From: Philippe VERDY (verdy_p@wanadoo.fr)
Date: Fri Jan 07 2005 - 11:31:57 CST

  • Next message: Mike Ayers: "RE: ISO 10646 & GB18030 repetoire"

    >From: "Peter Kirk"
    > It is surely possible for Unicode, within its stability policy, to add new
    > precomposed characters with canonical decompositions if these are also
    > defined as composition exceptions, alongside existing Hebrew, Arabic etc
    > presentation forms which are composition exceptions. The UTC might be
    > reluctant to do so, but if it comes under strong pressure to do this from
    > the Chinese standards body through WG2, I see no compelling reason why the
    > UTC should refuse this. There is nothing in the stability policy to force
    > it to refuse new presentation forms of this kind.

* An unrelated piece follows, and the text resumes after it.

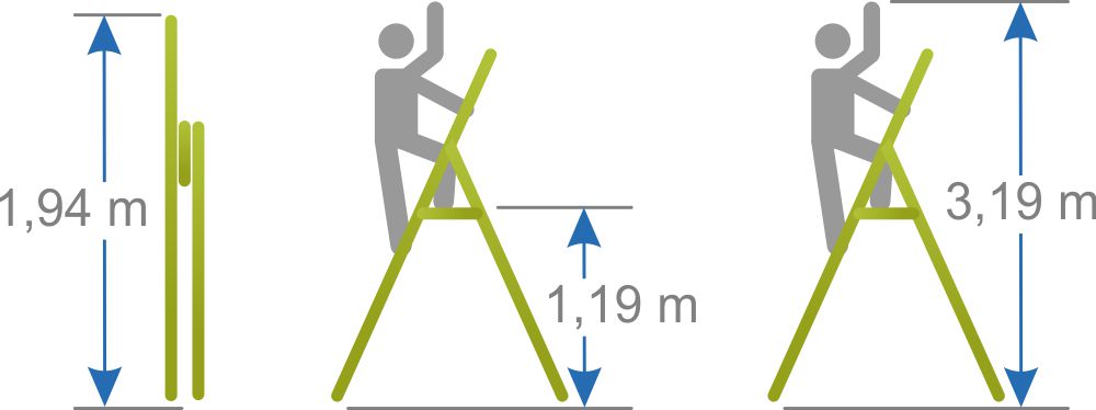 - Высота может достигать до 3,19 м, высота платформы 1,19 м.

    The Unicode stability policy is one thing; but more importantly, it does not
    concern much ISO/IEC 10646, for which the interoperability with the
    Chinese GB18030 standard can't be ignored. Of course there will be
    negociations and lots of arguments for or against such extension proposals
    by the Chinese government. But if China ever wants to amend its GB18030
    standard, it can do so. This will not be without impact to the computer
    industry, if the new amendment must become part of the support required
    for applications sold in China.

    However I think that this does not require changing the complete
    interoperability between GB18030 and ISO/IEC 10646. China could simply
    define a new further standard, that they will see as a natural extension
    of GB18030, even if the compatibility mechanisms that allow interoperability
    between GB18030 and its successor are not guaranteed to work without
    change with 10646: one could define a new mapping for the new standard
    and ISO/IEC 10646, but I don't see any compelling argument to do that:
    if a new Chinese standard must interoperate with ISO/IEC 10646 and the
    previous standard, it will need to map all existing codepoints already
    supported in GB18030, which are already the *whole* codepoints set
    of ISO/IEC 10646. Such extension would then not be at the codepoint
    level, but at the level of sequences of codepoints defined in the new
    standard. As such sequences are out of scope of ISO/IEC 10646 which
    only works at the individual codepoint level, the impact would be instead
    in the other standards that use ISO/IEC 10646, notably in Unicode.

    What this means is that the Unicode stability policy would have to be
    amended to allow the interoperability required by the new Chinese
    standard, but there would probably be no change in ISO/IEC 10646.
    The affected areas would most probably be:
    - the Unicode-defined canonical mappings for Han.
    - the Unicode-defined compatibility mappings for Han.
    - some new (normative?) character properties that Unicode would need
    to define and include.
    - the combining classes
    - general categories (these are not impacted by the Unicode stability
    requirement)
    - the representative glyphs (Unicode can change them in case of
    errors, or in case of ambiguity with new encoded characters, or if
    this can confuse the implementation of interoperability with other
    important standards like GB18030 or new ISO standards).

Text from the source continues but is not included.